Segment Start: Provided entries
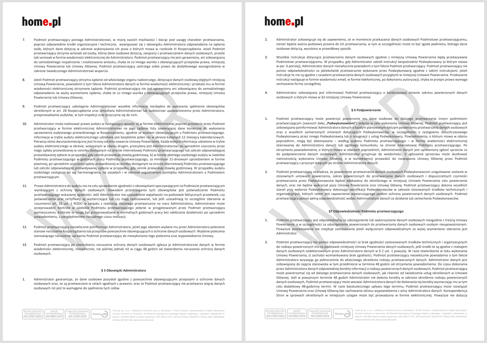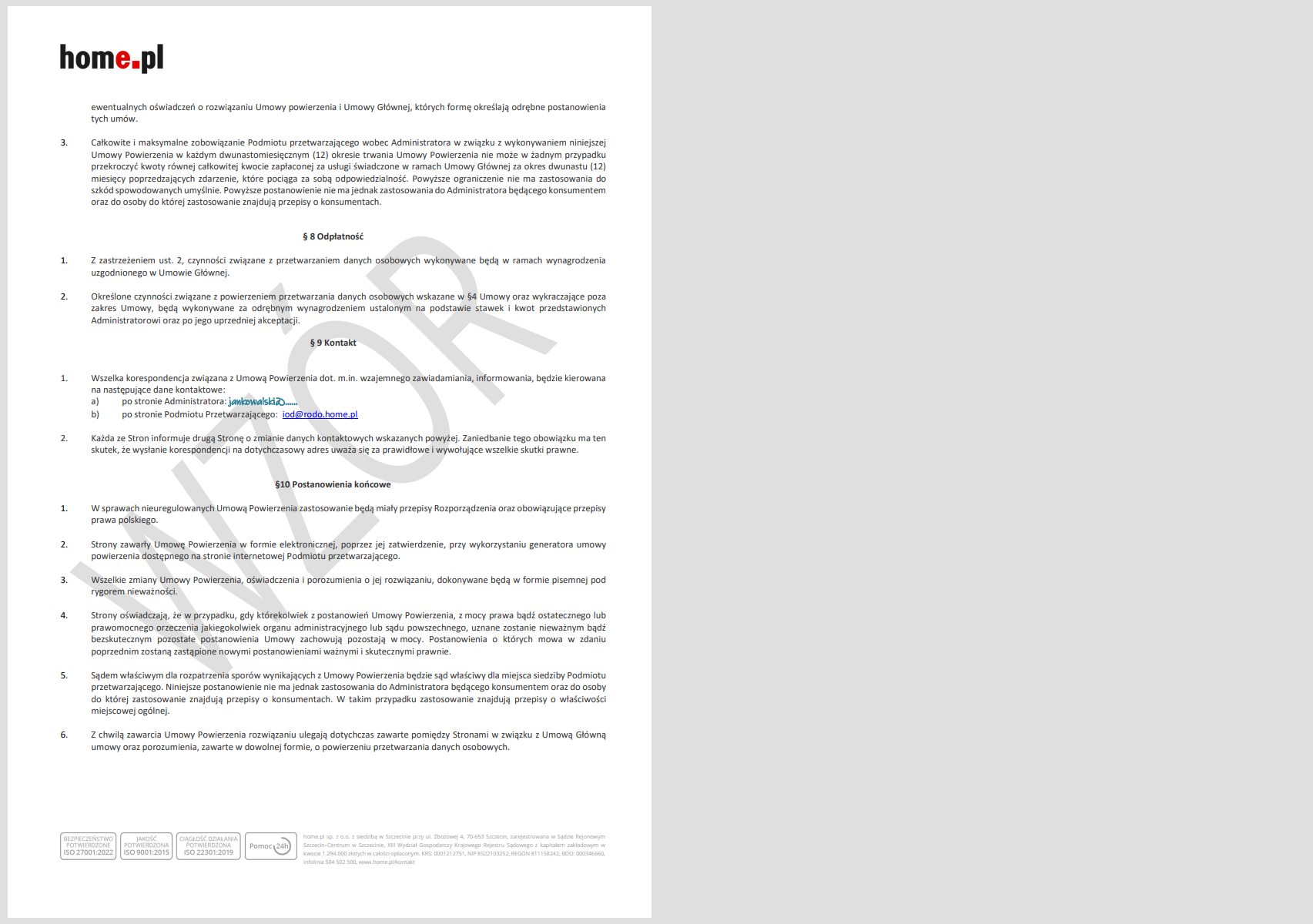 WAŻNE! Przygotowana w ten sposób umowa nie wymaga podpisania w formie pisemnej, ani odsyłania jej do home.pl, albowiem jest zawierana w trybie art. 384 Kodeksu cywilnego tj. akceptacji wzorca umownego.
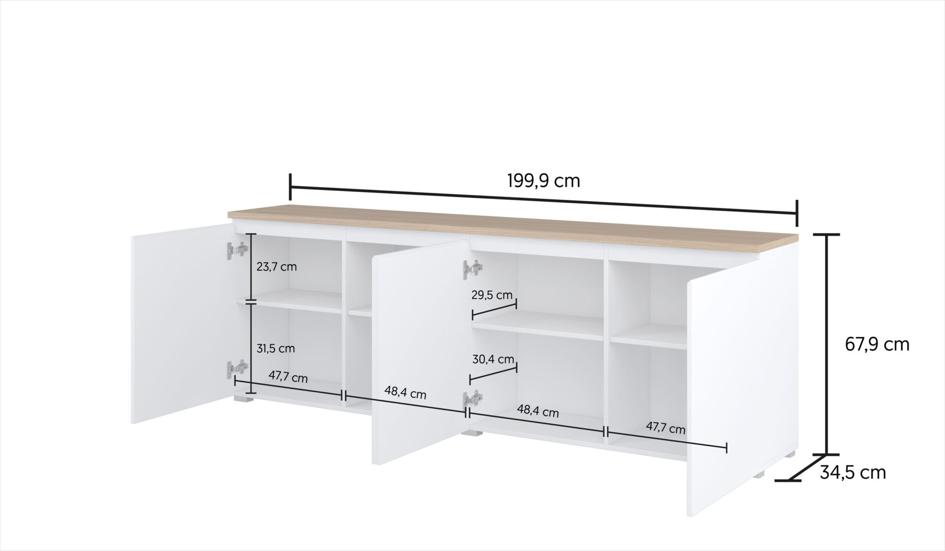 Atraskite unikalų „Modo 4D“ komodos dizainą ir funkcionalumą, kuri neabejotinai papuoš bet kokį interjerą. Stilingas matinės baltos ir elegantiškos „Mauvella“ ąžuolo derinys daro ją puikiai tinkančią tiek moderniam, tiek klasikiniam interjerui. 200 cm pločio, 68 cm aukščio ir 35 cm gylio komoda ne tik atrodo patraukliai, bet ir siūlo daug vietos daiktams susidėti. Tai idealus sprendimas svetainei, miegamajam ar prieškambariui. Kiekvieną dieną naudodamiesi „Modo“ komoda, mėgausitės jos keturių durelių dizaino funkcionalumu. Vidus leidžia susitvarkyti įvairius daiktus – nuo drabužių iki knygų – ir lengvai pasiekti tai, kas svarbiausia. Estetinis patrauklumas taip pat padeda išvengti netvarkos, todėl visi gali atsipalaiduoti tvarkingoje erdvėje. Komoda pagaminta iš aukštos kokybės laminuotos plokštės, užtikrinančios patvarumą ir atsparumą kasdieniam naudojimui. Metaliniai vyriai ir apačioje tvirtinamos kreipiančiosios užtikrina sklandų durelių atidarymą ir uždarymą, dar labiau padidindamos komfortą. „Helvetia“ prekės ženklo patirtis garantuoja, kad rinkdamiesi gaminį, jūs pasirenkate laiką.
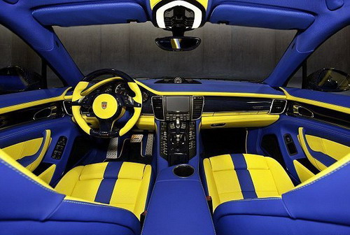 外表如此燦爛奪目,內裝當然也要跟上才行,Mansory同樣以極度鮮豔的藍紫搭配鮮黃色的高級真皮進行鋪陳,眼睛所及之處全部不過,如此再搭配深色的胡桃木紋飾板以及分佈於中控台與排檔座的碳纖維飾板後,展現出既高雅同時又充滿運動氣息與科技感的車艙氛圍,甚至連腳踏板也特別採用精緻的高級拉絲鋁合金材質,完完全全是針對這群金字塔頂端的消費者所打造!
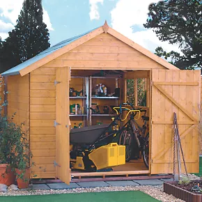Traditional garden shed with dipped honey brown finish. Apex roof made from solid sheet OSB and covered with mineral roofing felt. Features double lockable doors which are secured with a padbolt. Supplied with 3 fixed windows.
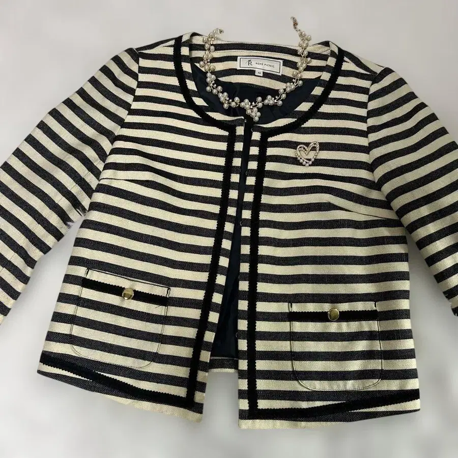 페피크닉 노카라 자켓 네이비 스트라이프 36 깔끔한
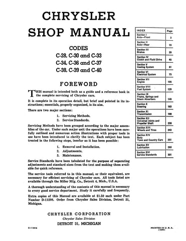 • 1941-1948 Chrysler MODELS COVERED: Windsor Series, Town & Country, Saratoga Series, Royal Series, New Yorker, Imperial C-40, Windsor, Saratoga, Royal, Crown Imperial, C28, C30, C33, C34, C36, C37
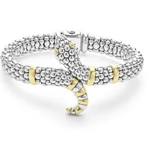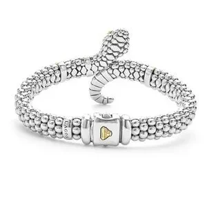 Sterling silver Caviar beading highlighted by 18k gold form this unique snake bracelet.
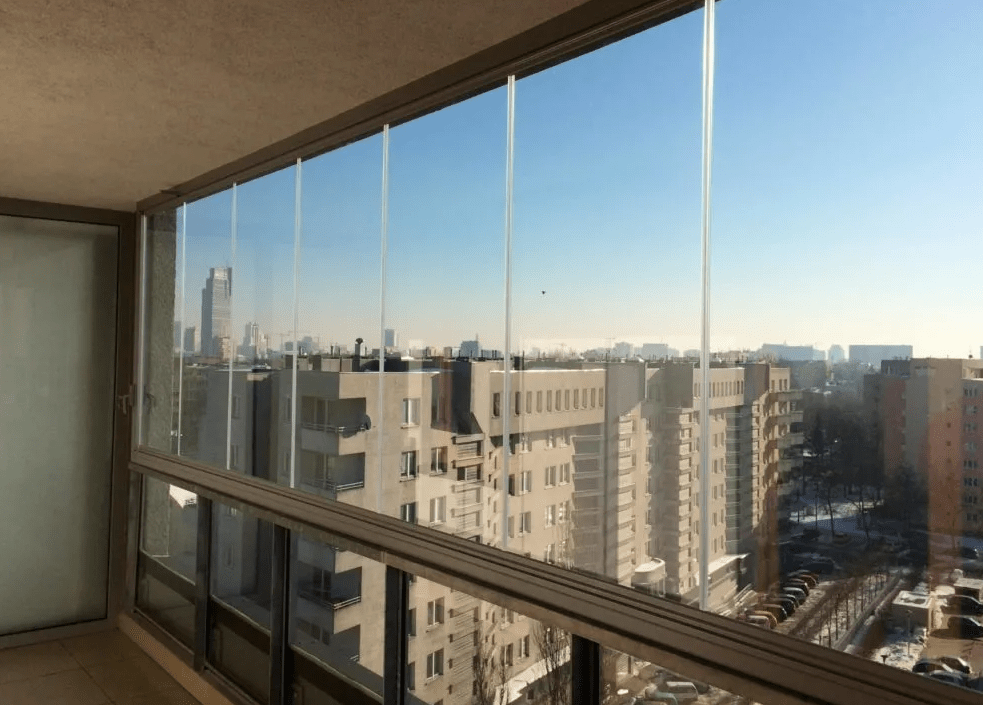 Специальные закаленные стекла крепятся на роликовые направляющие сверху и снизу, затем закрепляются между собой и по бокам. Створки открываются по направлению внутрь балкона или же сдвигаются «гармошкой».
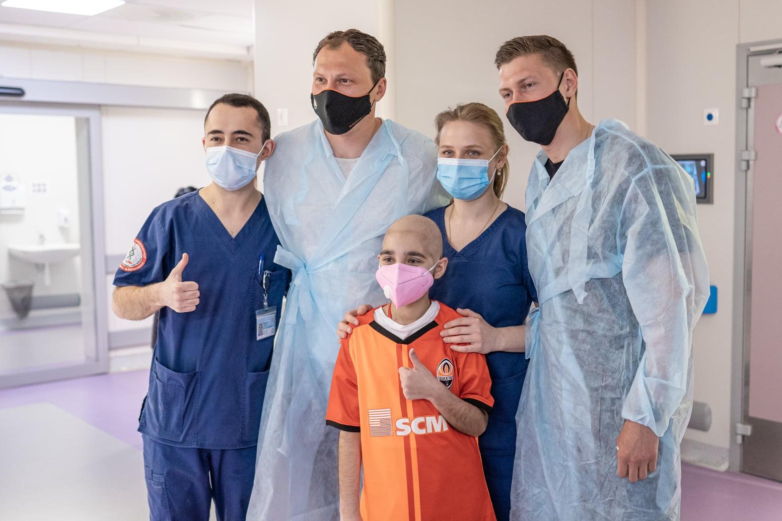 Коли настав час виписуватися, привітати дівчинку, окрім лікарів та родини, прийшли декілька таємних гостей. Ними стали голкіпер та захисник футбольного клубу “Шахтар” Андрій Пятов та Микола Матвієнко.
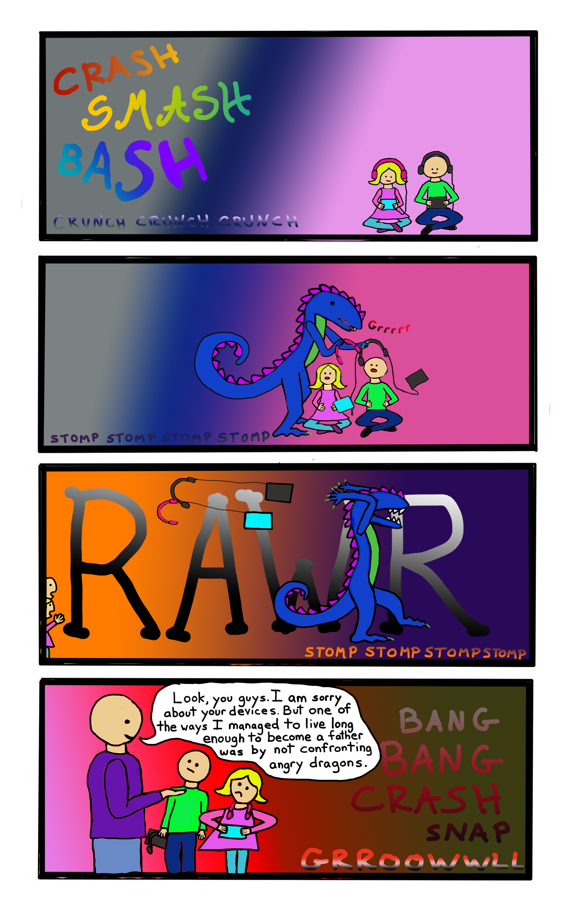 This comic belongs to The Man, as in, it’s his concept. I wrote the words and drew the picture, but the particular gag is his idea. Go, The Man! Just because I’m the funny one in the relationship doesn’t mean that he can’t be funny some of the time.
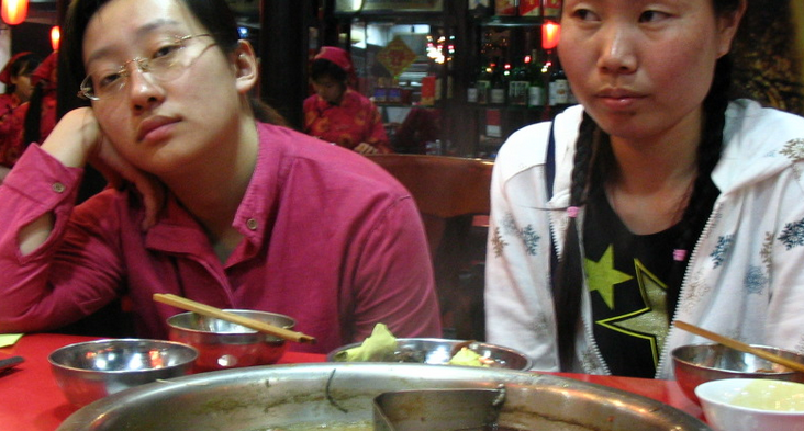 回忆的画面- 速食餐厅里桌面上摆着一大堆薯条,两大杯可乐,两个汉堡,还有两盒烤翅,林欣欣一个人欢快的吃着。这时林欣欣发现对面坐着一
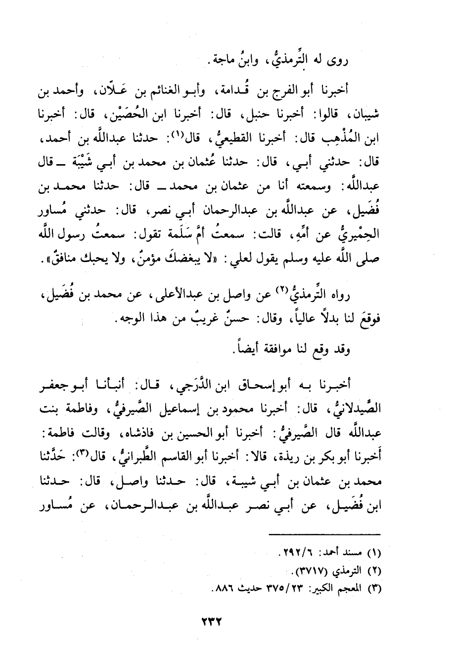 أخبرنا أَبُو الْفَرَجِ بْنُ قُدَامَةَ، وأبو الغنائم بْن علان، وأحمد بْنُ شَيْبَانَ، قَالُوا: أَخْبَرَنَا حَنْبَلُ، قال: أخبرنا ابن الحصين، قال: أخبرنا ابْنُ الْمُذْهِب قال: أخبرنا القَطِيعِيّ، قال (1) : حَدَّثَنَا عَبد الله بْن أَحْمَدَ، قال: حَدَّثني أبي، قال: حَدَّثَنَا عُثْمَانُ بْنُ مُحَمَّدِ بْنِ أَبي شَيْبَة، قال عَبد اللَّهِ: وسَمِعْتُهُ أَنَا مِنْ عُثْمَانَ بْن مُحَمَّد، قال: حَدَّثَنَا مُحَمَّدُ بْنُ فُضَيْلٍ، عَنْ عَبد اللَّهِ بْنِ عَبْدِ الرَّحْمَنِ أَبِي نَصْرٍ، قال: حَدَّثَنِي مُسَاوِرٌ الْحِمْيَرِيُّ عَنْ أُمِّه، قَالَتْ: سَمِعْتُ أُمَّ سَلَمَةَ تَقُولُ: سَمِعْتُ رَسُولَ اللَّهِ صَلَّى اللَّهُ عَلَيْهِ وسَلَّمَ يَقُولُ لِعَلِيٍّ: لا يُبْغِضُكَ مُؤْمِنٌ، ولا يُحِبُّكَ مُنَافِقٌ.
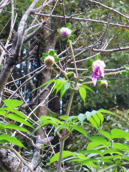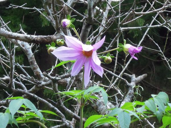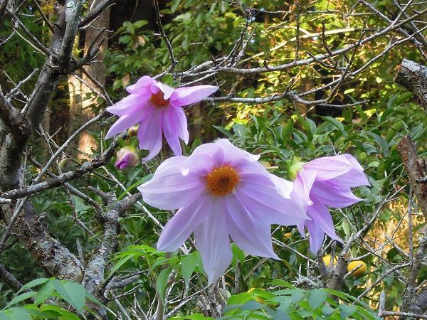 昨年は霜を避けて室内で花を咲かせた学校の皇帝ダリアも、残念ながら今年は台風で倒れ、復活したものの、未だ花を咲かせていません。 しかし、学校の皇帝ダリアの「子」にあたる一本が教員の家の畑で花を咲かせました。
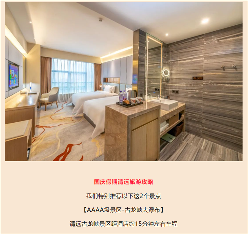 清远远光雅阁酒店(雅阁酒店集团旗下成员酒店)推出节日游玩套餐,喜迎中秋国庆。
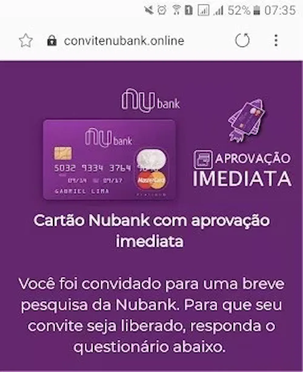 🔵 “Cartão Nubank com aprovação imediata ”? Não caia nesse golpe!
Segment End: Provided entries
### Work item
In your transcription of the listing above, match each line exactly and include no pictures.

### Result of this exercise
 WAŻNE! Przygotowana w ten sposób umowa nie wymaga podpisania w formie pisemnej, ani odsyłania jej do home.pl, albowiem jest zawierana w trybie art. 384 Kodeksu cywilnego tj. akceptacji wzorca umownego.
 Atraskite unikalų „Modo 4D“ komodos dizainą ir funkcionalumą, kuri neabejotinai papuoš bet kokį interjerą. Stilingas matinės baltos ir elegantiškos „Mauvella“ ąžuolo derinys daro ją puikiai tinkančią tiek moderniam, tiek klasikiniam interjerui. 200 cm pločio, 68 cm aukščio ir 35 cm gylio komoda ne tik atrodo patraukliai, bet ir siūlo daug vietos daiktams susidėti. Tai idealus sprendimas svetainei, miegamajam ar prieškambariui. Kiekvieną dieną naudodamiesi „Modo“ komoda, mėgausitės jos keturių durelių dizaino funkcionalumu. Vidus leidžia susitvarkyti įvairius daiktus – nuo drabužių iki knygų – ir lengvai pasiekti tai, kas svarbiausia. Estetinis patrauklumas taip pat padeda išvengti netvarkos, todėl visi gali atsipalaiduoti tvarkingoje erdvėje. Komoda pagaminta iš aukštos kokybės laminuotos plokštės, užtikrinančios patvarumą ir atsparumą kasdieniam naudojimui. Metaliniai vyriai ir apačioje tvirtinamos kreipiančiosios užtikrina sklandų durelių atidarymą ir uždarymą, dar labiau padidindamos komfortą. „Helvetia“ prekės ženklo patirtis garantuoja, kad rinkdamiesi gaminį, jūs pasirenkate laiką.
 外表如此燦爛奪目,內裝當然也要跟上才行,Mansory同樣以極度鮮豔的藍紫搭配鮮黃色的高級真皮進行鋪陳,眼睛所及之處全部不過,如此再搭配深色的胡桃木紋飾板以及分佈於中控台與排檔座的碳纖維飾板後,展現出既高雅同時又充滿運動氣息與科技感的車艙氛圍,甚至連腳踏板也特別採用精緻的高級拉絲鋁合金材質,完完全全是針對這群金字塔頂端的消費者所打造!
Traditional garden shed with dipped honey brown finish. Apex roof made from solid sheet OSB and covered with mineral roofing felt. Features double lockable doors which are secured with a padbolt. Supplied with 3 fixed windows.
 페피크닉 노카라 자켓 네이비 스트라이프 36 깔끔한
 • 1941-1948 Chrysler MODELS COVERED: Windsor Series, Town & Country, Saratoga Series, Royal Series, New Yorker, Imperial C-40, Windsor, Saratoga, Royal, Crown Imperial, C28, C30, C33, C34, C36, C37
 Sterling silver Caviar beading highlighted by 18k gold form this unique snake bracelet.
 Специальные закаленные стекла крепятся на роликовые направляющие сверху и снизу, затем закрепляются между собой и по бокам. Створки открываются по направлению внутрь балкона или же сдвигаются «гармошкой».
 Коли настав час виписуватися, привітати дівчинку, окрім лікарів та родини, прийшли декілька таємних гостей. Ними стали голкіпер та захисник футбольного клубу “Шахтар” Андрій Пятов та Микола Матвієнко.
 This comic belongs to The Man, as in, it’s his concept. I wrote the words and drew the picture, but the particular gag is his idea. Go, The Man! Just because I’m the funny one in the relationship doesn’t mean that he can’t be funny some of the time.
 回忆的画面- 速食餐厅里桌面上摆着一大堆薯条,两大杯可乐,两个汉堡,还有两盒烤翅,林欣欣一个人欢快的吃着。这时林欣欣发现对面坐着一
 أخبرنا أَبُو الْفَرَجِ بْنُ قُدَامَةَ، وأبو الغنائم بْن علان، وأحمد بْنُ شَيْبَانَ، قَالُوا: أَخْبَرَنَا حَنْبَلُ، قال: أخبرنا ابن الحصين، قال: أخبرنا ابْنُ الْمُذْهِب قال: أخبرنا القَطِيعِيّ، قال (1) : حَدَّثَنَا عَبد الله بْن أَحْمَدَ، قال: حَدَّثني أبي، قال: حَدَّثَنَا عُثْمَانُ بْنُ مُحَمَّدِ بْنِ أَبي شَيْبَة، قال عَبد اللَّهِ: وسَمِعْتُهُ أَنَا مِنْ عُثْمَانَ بْن مُحَمَّد، قال: حَدَّثَنَا مُحَمَّدُ بْنُ فُضَيْلٍ، عَنْ عَبد اللَّهِ بْنِ عَبْدِ الرَّحْمَنِ أَبِي نَصْرٍ، قال: حَدَّثَنِي مُسَاوِرٌ الْحِمْيَرِيُّ عَنْ أُمِّه، قَالَتْ: سَمِعْتُ أُمَّ سَلَمَةَ تَقُولُ: سَمِعْتُ رَسُولَ اللَّهِ صَلَّى اللَّهُ عَلَيْهِ وسَلَّمَ يَقُولُ لِعَلِيٍّ: لا يُبْغِضُكَ مُؤْمِنٌ، ولا يُحِبُّكَ مُنَافِقٌ.
 昨年は霜を避けて室内で花を咲かせた学校の皇帝ダリアも、残念ながら今年は台風で倒れ、復活したものの、未だ花を咲かせていません。 しかし、学校の皇帝ダリアの「子」にあたる一本が教員の家の畑で花を咲かせました。
 清远远光雅阁酒店(雅阁酒店集团旗下成员酒店)推出节日游玩套餐,喜迎中秋国庆。
 🔵 “Cartão Nubank com aprovação imediata ”? Não caia nesse golpe!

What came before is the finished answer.